イスラームには「聖職者」という概念がなく、どんなに「エライ人」でも免罪符を発行したり告解を聞き入れたり、といった権威はありません。しかしよく知られているように、ウラマーと呼ばれる学識者層、「宗教の専門家」は存在します。
しかしこのウラマーというのが一体何者なのか、というのは一筋縄にはいかない問題です。
ウラマーとは誰のことを指し、誰のことを刺さないのか。この語を正確に定義することは、実はほとんど不可能に近い。まず仏教の僧侶やキリスト教の司祭と異なり、ウラマーを聖職者という概念で捉えることには多くの問題がある。ひとつには、ウラマーは聖職者ということばから連想されるような、特別な力を持つと認められ、その意味で一般の信徒と明確に区別されるような存在ではない。たとえばウラマーは人々の罪を許すこともできなければ、逆に「破門」することもできない。
(・・・)ある人物がウラマーでであるか否かを一律に判断する基準は存在せず、ウラマーとそうでない人を峻別するようなはっきりとした境界線などありえないということである。
それでも、ウラマーがまったく曖昧模糊とした存在なのかというと、そうではなく、一定の共通イメージがあり、不明確ながらも満たすべき条件というものがあります。

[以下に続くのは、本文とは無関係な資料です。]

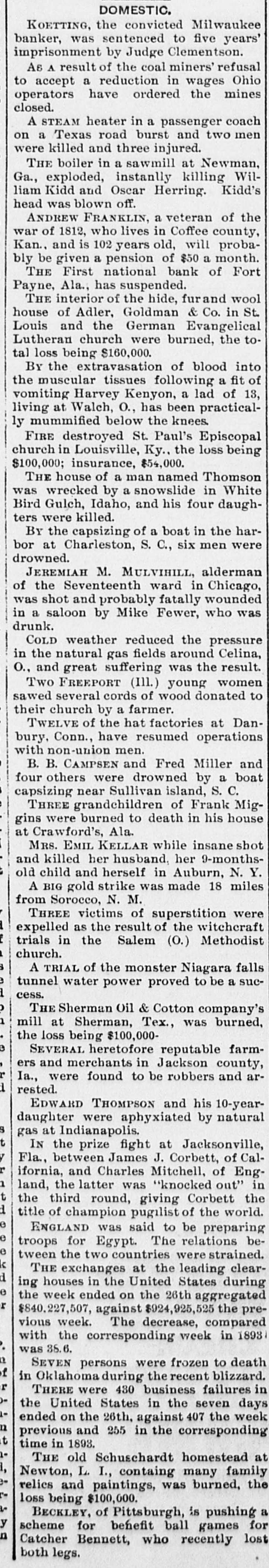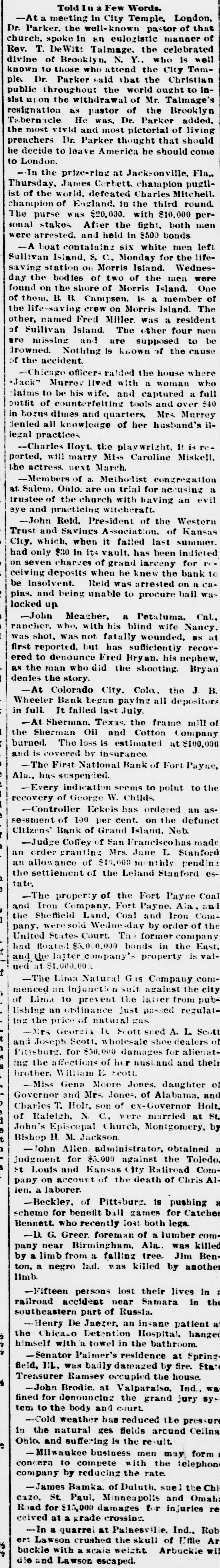 --In the prize-ring at Jacksonville, Fla., Thursday, James Corbett, champion pugilist of the world, defeated Charles Mitchell, champion of England, in the third round. The purse was $20,000, with $10,000 personal stakes. After the fight, both men were arrested, and held in $500 bonds.

原則論で言えば、ある人物がウラマーであると認められる基準は、その人がムスリムとして知るべきことを、一般のムスリムと比べてより多くより正確に知っているという点に尽きる。普通の人とは異なる特別な教育を受けた人というウラマー像は、伝統的なタイプの教育とは別の西洋起源の近代的な教育というものが導入され、それが一般化するなかで初めて生まれた、その意味で近代以降に登場した歴史の浅いものなのである。(強調は引用者による)
この逆説的にも見える「歴史の浅さ」は重要です。ウラマーは「知るもの」を意味するアーリムの複数形ですが、知っている人なら何でもアーリムですし、例えば理科系分野の学者でもアーリム/ウラマーです。要するに、本来は「物識り」たることが即ちウラマーだったのですが、イスラームとは関係ない西洋近代教育が導入されて以降、「いわゆるウラマー」「近代科学のウラマー」が登場し、その結果、「イスラームの専門家としてのウラマーなるもの」が析出された、ということです。

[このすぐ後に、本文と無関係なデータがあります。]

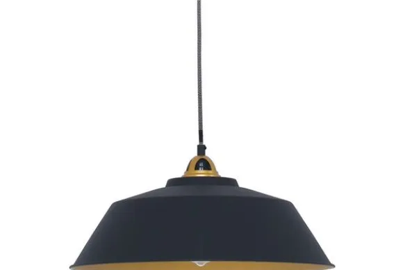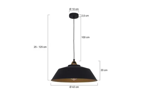 Hanglamp Mexlite Nové 1318ZW van het merk Steinhauer is een stoere en moderne lamp. Uniek door de combinatie van mat zwart, goud en strijkijzersnoer, waarin industrieel en modern perfect samenkomen.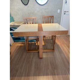 A Mesa Itália é elástica e pode ser usada tanto fechada (1,10m) quanto aberta (1,70m) para receber os seus convidados nas épocas festivas. O Melhor dessa mesa é que ela possui esteiras rolantes e é você que regula o quanto deseja abrir. Possui base estrela e acomoda 4 pessoas. Suas Cadeiras possuem design diferente para trazer mais modernidade ao seu ambiente.

社会におけるウラマーの居場所、その役割は近代以降着実に限定されていった。社会における唯一無二の知識人という独占的な立場は二度と取り戻せないだろう。しかしながら、イスラム諸学の専門家として、「宗教」というひとつの領域に特化しさらにそうした地位を梃子に国家権力と強い関係を確保したことで、ウラマーは存在意義を失うどころか、形を変えつつも影響力を維持、拡大しているとすら考えられる。ウラマーだからこそできること、ウラマーだけができる事柄といったものが少しずつ一般信徒の行為や実践と区別され切り分けられていく。こうした変化を一面では、ウラマーの「聖職者」化と見ることができるだろう。
こうしたウラマーに対して、民衆は距離感や分かりにくさを感じているのですが、だからといって時代遅れの無用の存在とみなされているわけではありません。やや浮世離れした感はあるものの、わたしの直接知る範囲でも、敬愛を受け、尊重はされています。

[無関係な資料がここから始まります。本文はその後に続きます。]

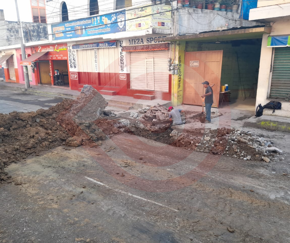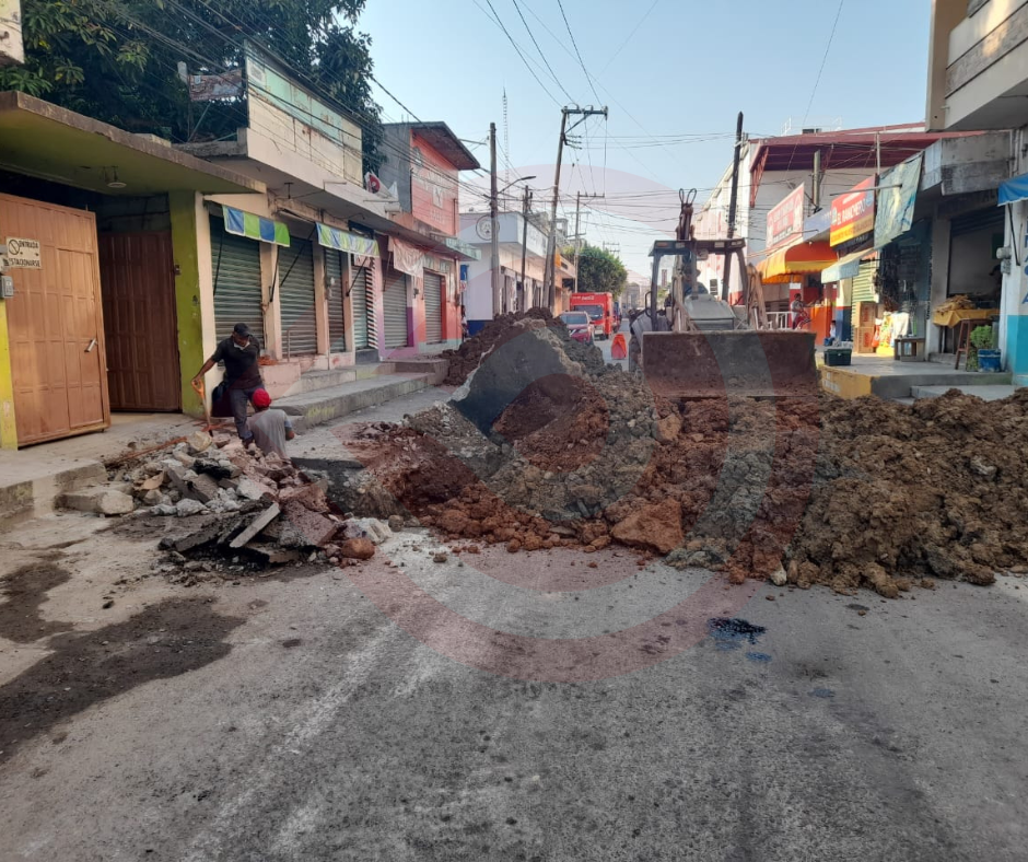 Huejutla, Hgo.- Aprovechando que este martes no se estableció por tercera semana consecutiva el comercio semifijo en las calles aledañas al mercado central, personal adscrito a la dependencia de Obras Públicas Municipal o de una empresa particular, inició labores de introducción de tuberías en un trecho de la avenida México.

この距離感を背景に、本書主題である「俗人」説教師たちがニッチを埋めるべく台頭してくるのですが、彼らが伝統的ウラマーに対するアンチなのかというと、そうではありません。本書中でも述べられている通り、「俗人」説教師たちはそれぞれの仕方でウラマーを尊重し、彼らの領分を侵さないように注意を払っています。この辺に、伝統的ウラマーと俗人説教師の微妙なバランスがあります。
本書ではその俗人説教師の走りとしてのハサン・バンナー(あまり俗人というイメージがないのですが)、ムスタファー・マフムード、そして現代におけるアムル・ハーリド、ムイッズ・マスウード、などが取り上げられています。
現代エジプトのイスラーム事情に興味があるなら、買って絶対損はないです。というか、読まないと損します。
ちなみに、故ムスタファー・マフムードは、エジプト人なら知らない人はいない(アラブ人全体でも多分ほとんどの人が知っている)超有名人で、大変な影響力のあった人ですが、個人的にはあまり好きではありません。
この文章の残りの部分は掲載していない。